Limitations & Future Work

  • Storing attention masks for previous tasks incurs memory overhead that grows linearly with the number of tasks.
  • Binary masks may be overly coarse; soft masks could offer greater flexibility.
  • Validation is limited to ViTs; applicability to CNNs remains unexplored.
  • Task boundary information is required during training.
  • vs. EWC: EWC applies regularization in parameter space, whereas ARCL-ViT directly protects the attention space, yielding better effectiveness for ViTs.
  • vs. DualPrompt/CODA-Prompt: Expansion methods increase model size; ARCL-ViT introduces no additional parameters.
  • vs.

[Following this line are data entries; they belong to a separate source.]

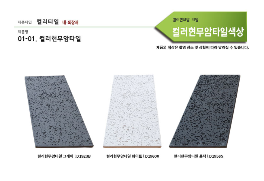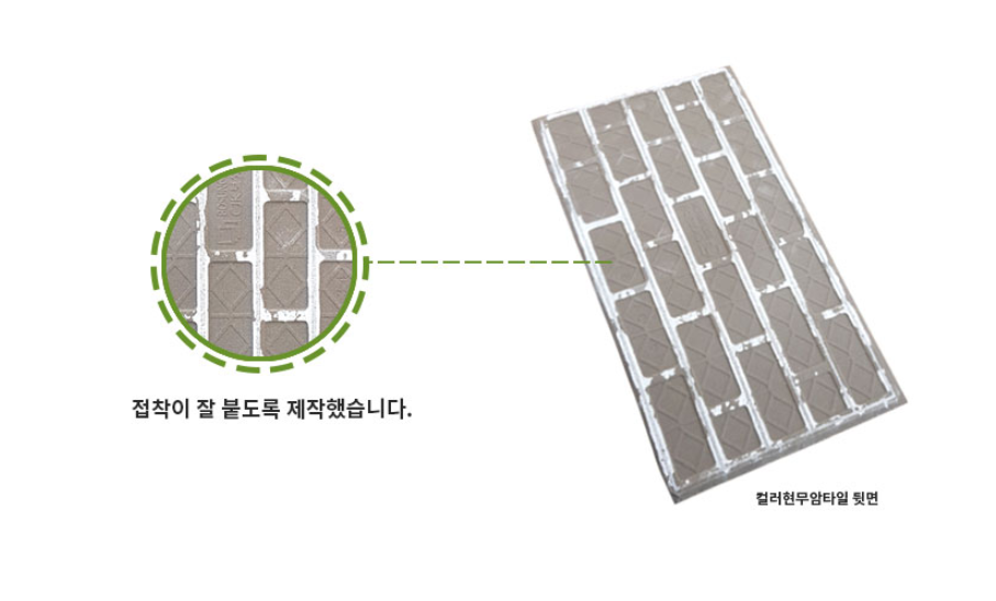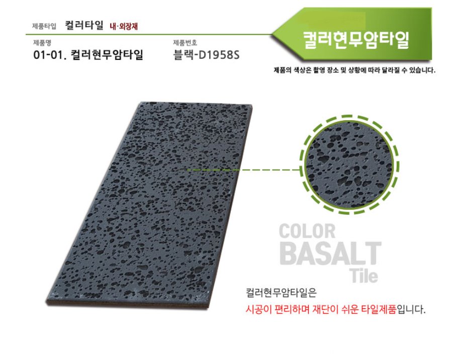 컬러현무암타일 블랙 SIZE : 390 x 190 x 15T m²/12장 1박스당 / 12장 / 20kg / 0.98m² (줄눈15mm기준) 10여 가지의 메지(줄눈시멘트) 칼라로 다양한 시공패턴 연출, 메지(줄눈시멘트) 차이로 다른 분위기를 냅니다.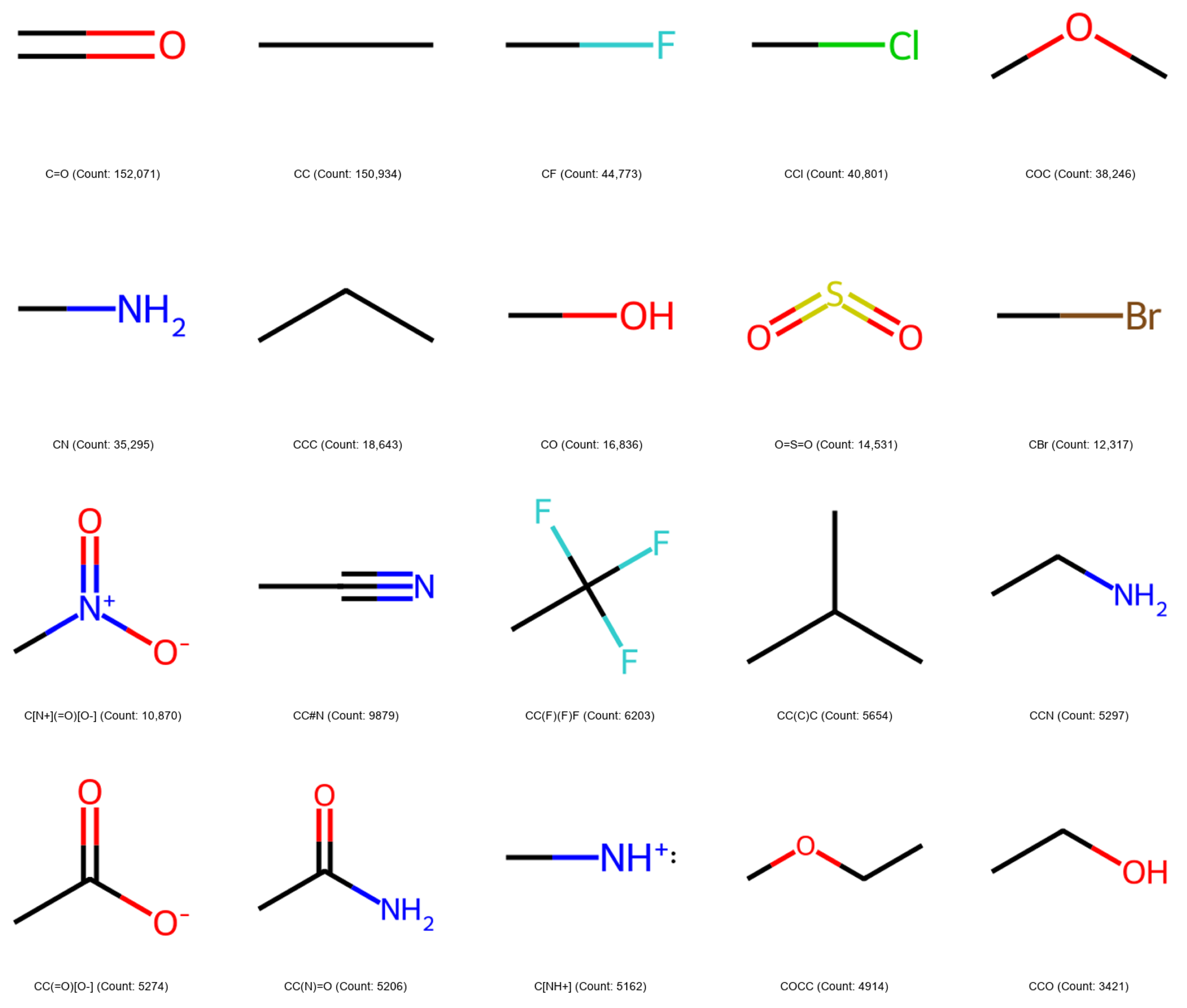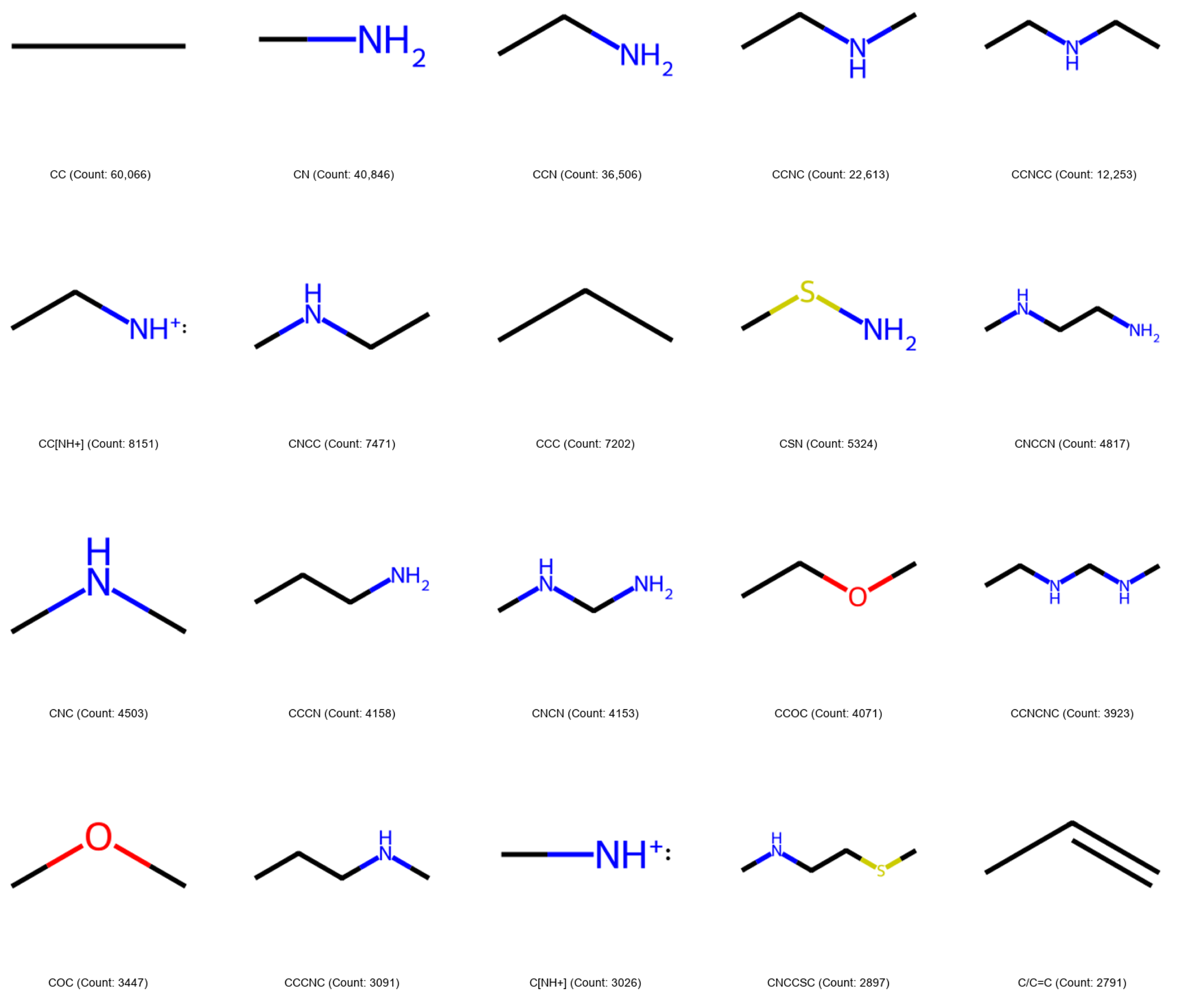 Figure 14, such as propyl (-CCC-), ethyl ether (-CCO-), and ethylamine (-CCN-), bridge larger substructures and are frequently observed as short connectors. These flexible linkers help space functional domains, modulate conformations, and often increase lipophilicity by boosting hydrocarbon content. Overall, the most frequent leaf chain, ring, and linker fragments correspond to established medicinal chemistry motifs [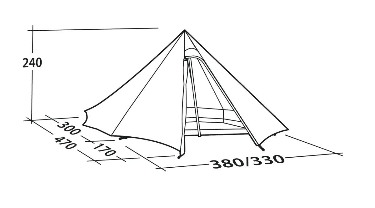 - Le mât central décalé diffère des modèles traditionnels et améliore l'espace et le confort de la tente intérieure.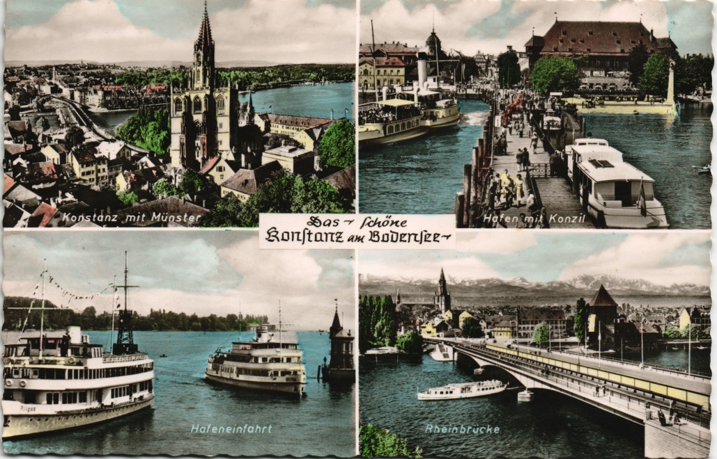 Photo Card: Mehrbildkarte 4 Fotos mit Hafen, Stadt- u. Brückenansicht - Konstanz
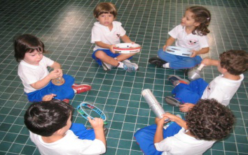 As aulas de música exploram cantigas, ritmos, gestos e movimentos corporais, estimulando a percepção auditiva, a coordenação, a expressão e a sensibilidade artística. É um momento de alegria e de construção de vínculos afetivos.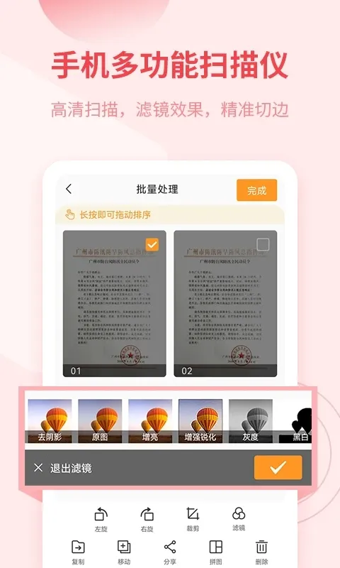 1. 智能裁剪技术:自动识别文档边界,精准切除多余背景,保留主体内容,减少手动调整步骤,提高处理速度与成品整洁度。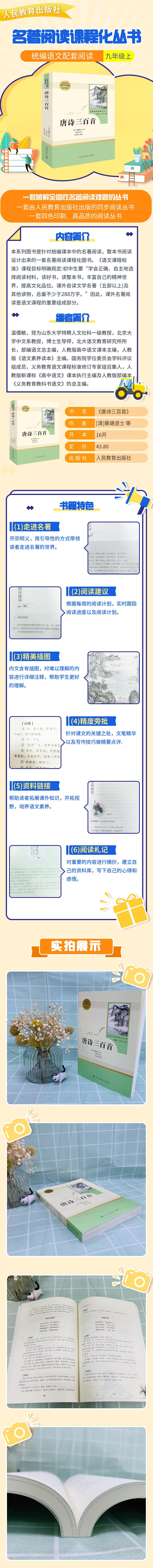 《唐诗三百首》是清代蘅塘退士孙洙想借此代替“工拙莫辨”、体例不严的《千家诗》,从唐诗中择要三百余首,编成的就学儿童“训蒙”读物。因此,所选作品大多明白易懂,艺术性强,配有注释和评点,且朗朗上口,符合了广大读者的品味和要求。本书诗人包括 “三教九流”,上至帝王将相,下至士子布衣乃至僧侶、歌女、无名氏。另外,所选作品从古风到近体,包括五言古诗、乐府、七言古诗、七言乐府、五言律诗、七言律诗、五言绝句、七言绝句等,体裁完备。这些诗既能体现诗人的风格特色及诗人在唐代诗坛中的地位,又能反映出唐诗的基本风貌和发展水平。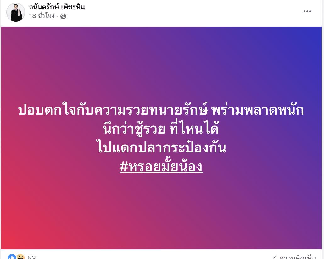 วันนี้ 17 มีนาคม 2568 ผู้สื่อข่าวรายงาน เฟซบุ๊ก ทนายรักษ์ อนันตรักษ์ เพ็ชรหิน ทนายดังภูเก็ต ได้โพสต์รูปภาพตนเองพร้อมข้อความว่า “ทนายรักษ์ขอบคุณทุกกำลังใจที่ส่งเข้ามา ผมพร้อมเข้าชี้แจงต่อสื่อมวลชนทุกสำนักใครแต่งเรื่องเท็จได้รู้กัน” พร้อมทั้งแท็กหาเพจเฟซบุ๊กรายการ โหนกระแส ทุบโต๊ะข่าว Amarin TV 34 และ โหดจัง จังหวัดภูเก็ต
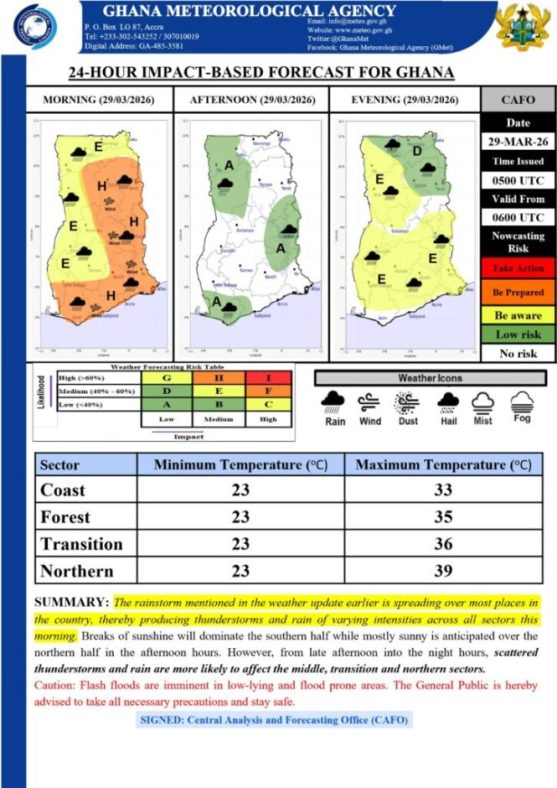 The Ghana Meteorological Agency (GMet) has issued a strong warning of possible flash floods across parts of the country as widespread rains and thunderstorms are expected to intensify on Sunday (March 29) morning.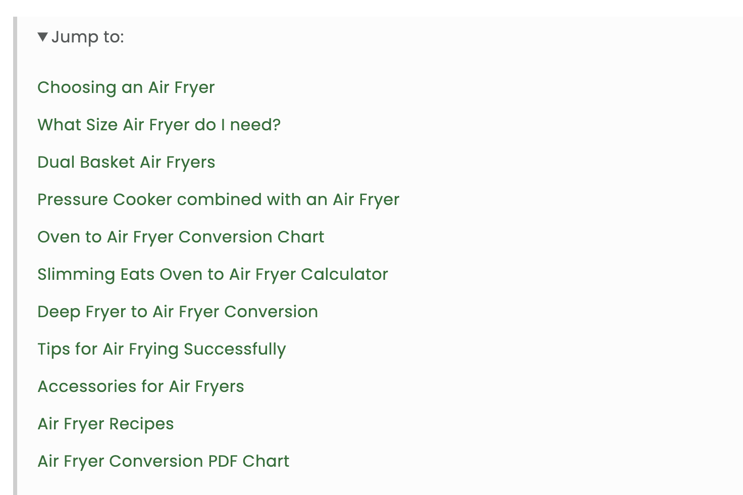 Secondly is the Advance Jump to section at the top of posts. This is gradually being added to posts and it will allow you to jump to a particular section of a post. For example here it is a screenshot of how it appears on my Air Fryer Conversion Post.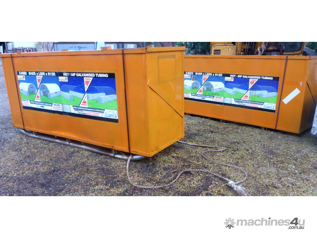 Model C4080, 40 x 80 feet, 15 feet high or 12m wide x 24m long x 4.5m high (plus the height of the containers), covers 3200 square feet or 297m2.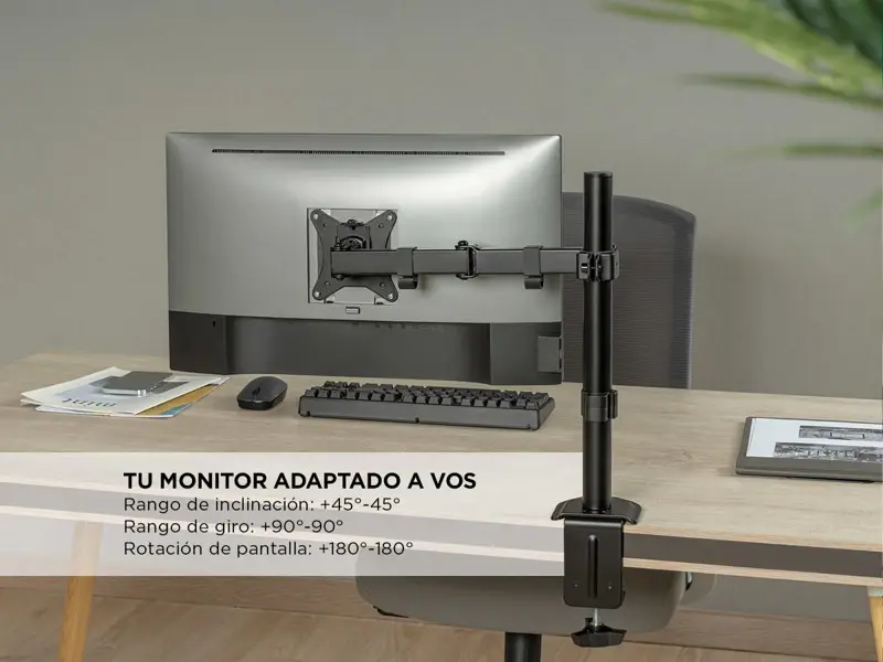 Acerca de Soporte Brazo de Monitor Gadnic Soporte Articulado 17” a 32” Optimiza tu Espacio y Ergonomía con el Soporte Articulado para Monitor Gadnic ¿Estás cansado de tener tu monitor ocupando espacio en tu escritorio? El Soporte Brazo de Monitor Gadnic es la solución perfecta para liberar espacio y mejorar tu comodidad mientras trabajas o juegas. Diseñado para monitores de 17" a 32", este soporte articulado brinda una experiencia ergonómica que transformará tu estación de trabajo. Imagina un escritorio ordenado y despejado, donde puedas mover y ajustar tu monitor con facilidad. El Soporte Brazo de Monitor Gadnic te permite elevar, inclinar, girar y ajustar la posición de tu monitor según tus preferencias. Olvídate de posturas incómodas y dolores de cuello. La instalación es rápida y sencilla, sin necesidad de herramientas complicadas. Una vez montado, este soporte articulado ofrece una capacidad de carga sólida y segura, manteniendo tu monitor en su lugar sin temor a caídas accidentales. Además, su diseño moderno y elegante complementa cualquier entorno, ya sea en tu oficina en casa o en tu espacio de entretenimiento. Compatible con una amplia gama de monitores, el Soporte Brazo de Monitor Gadnic es versátil y se adapta a tus necesidades. Libera espacio en tu escritorio para una mayor organización y productividad. Disfruta de una vista panorámica y una experiencia de juego envolvente gracias a su capacidad de rotación y ajuste. No comprometas tu comodidad ni la eficiencia de tu espacio de trabajo. Eleva tu experiencia informática con el Soporte Articulado para Monitor Gadni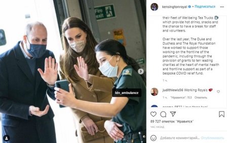 "Сегодня герцог и герцогиня поговорили с персоналом скорой помощи и парамедиками о своем опыте работы в один из самых сложных периодов работы в лондонской машине скорой помощи. Служба скорой помощи Лондона получила финансирование от фирмы, патронами которой являются герцог и герцогиня, чтобы они могли продолжать управлять своим парком оздоровительных чайных грузовиков, которые предоставляют горячие напитки, закуски и возможность сделать перерыв для персонала", - говорится в публикации на официальной странице герцога и герцогини Кембриджских в Instagram.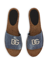 Embellished denim espadrille slides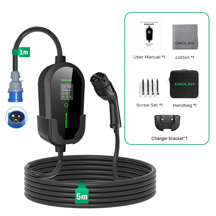 Daolar laddningskabel typ 2 CEE-kontakt 7,4 kW [1-fas | 5 m | 6-32 A] med justerbar laddningseffekt, EV-laddare och mobil laddningsstation/väggbox för ID.3, ID.4, ID.5, Model Y/3, e-up, e-tron, Zoe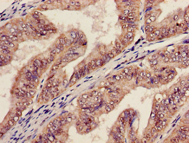 Immunohistochemistry of paraffin-embedded human endometrial cancer using CSB-PA001453LA01HU at dilution of 1:100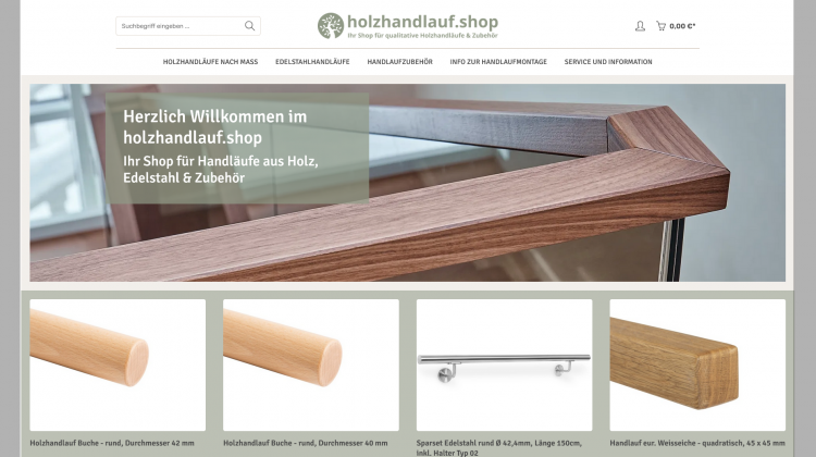 Das Angebot umfasst hochwertige Handläufe und Treppengeländer aus verschiedensten Holzarten – innen zum Beispiel Buche, Eiche, Ahorn, Esche, Mahagoni, Nussbaum oder Kirschbaum, außen etwa Kambala und Lärche. Kunden konfigurieren die Produkte online nach Maß: Form, Länge, Oberfläche, Fräsnut, Endenbearbeitung und Halter. Der Shop trägt das Trusted Shops Siegel.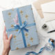 Papier Cadeau Croix d'or bleu Première communion sainte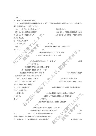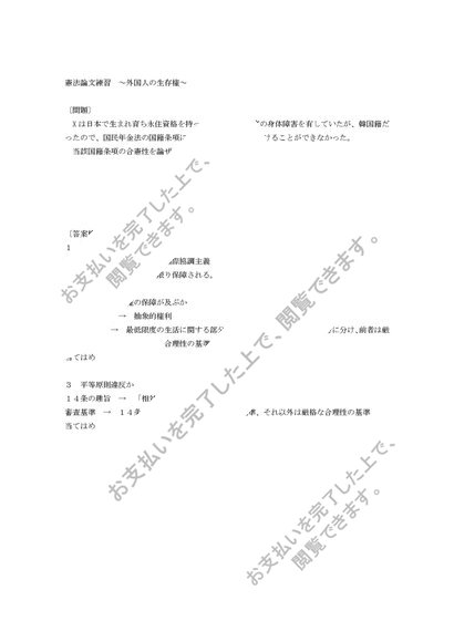 憲法論文練習 外国人の生存権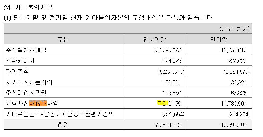 재평가차익 12억 → 41억. 토지 재평가 금액 반영한 듯.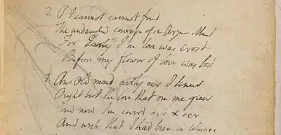 The two stanzas were written in reverse order but then numbered 2, 1.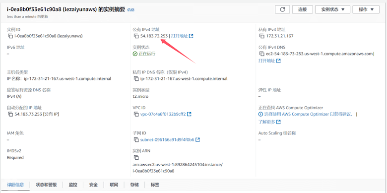看到亚马逊云分配给我们的IP地址,这里的地址我们需要用到的。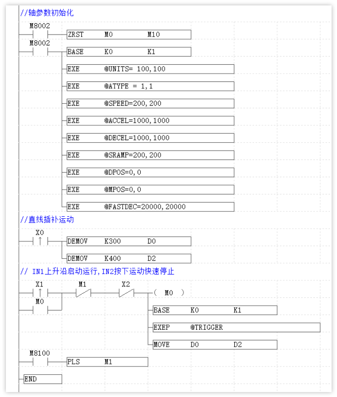 当X0上升沿触发时,对存储两个轴运动距离的寄存器D0、D2进行赋值,当X1上升沿触发启动示波器采样、开启MOVE直线插补运动并且M0自锁,轴0运动距离为300,轴1运动距离为400。

PackNet: A conceptually similar idea transferred from CNN pruning to attention protection in ViTs.

Rating

  • Novelty: ⭐⭐⭐⭐ The attention drift perspective is novel.
  • Experimental Thoroughness: ⭐⭐⭐⭐ Multiple datasets, settings, and visualizations.
  • Writing Quality: ⭐⭐⭐⭐ Clear and intuitive presentation.
  • Value: ⭐⭐⭐⭐ Practical contribution to continual learning with ViTs.

Additional Remarks

  • The methodology and experimental design offer useful reference for related research areas.
  • Future work should validate generalizability and scalability across more diverse scenarios and larger scales.
  • Potential research value exists in combining this approach with recent methods (e.g., RL/MCTS or multimodal frameworks).
  • Deployment feasibility and computational efficiency should be assessed against practical application requirements.
  • The choice of datasets and evaluation metrics may affect the generalizability of conclusions; cross-validation on additional benchmarks is recommended.

Additional Remarks

  • The methodology and experimental design offer useful reference for related research areas.
  • Future work should validate generalizability and scalability across more diverse scenarios and larger scales.
  • Potential research value exists in combining this approach with recent related work (e.g., intersections with RL/MCTS or multimodal methods).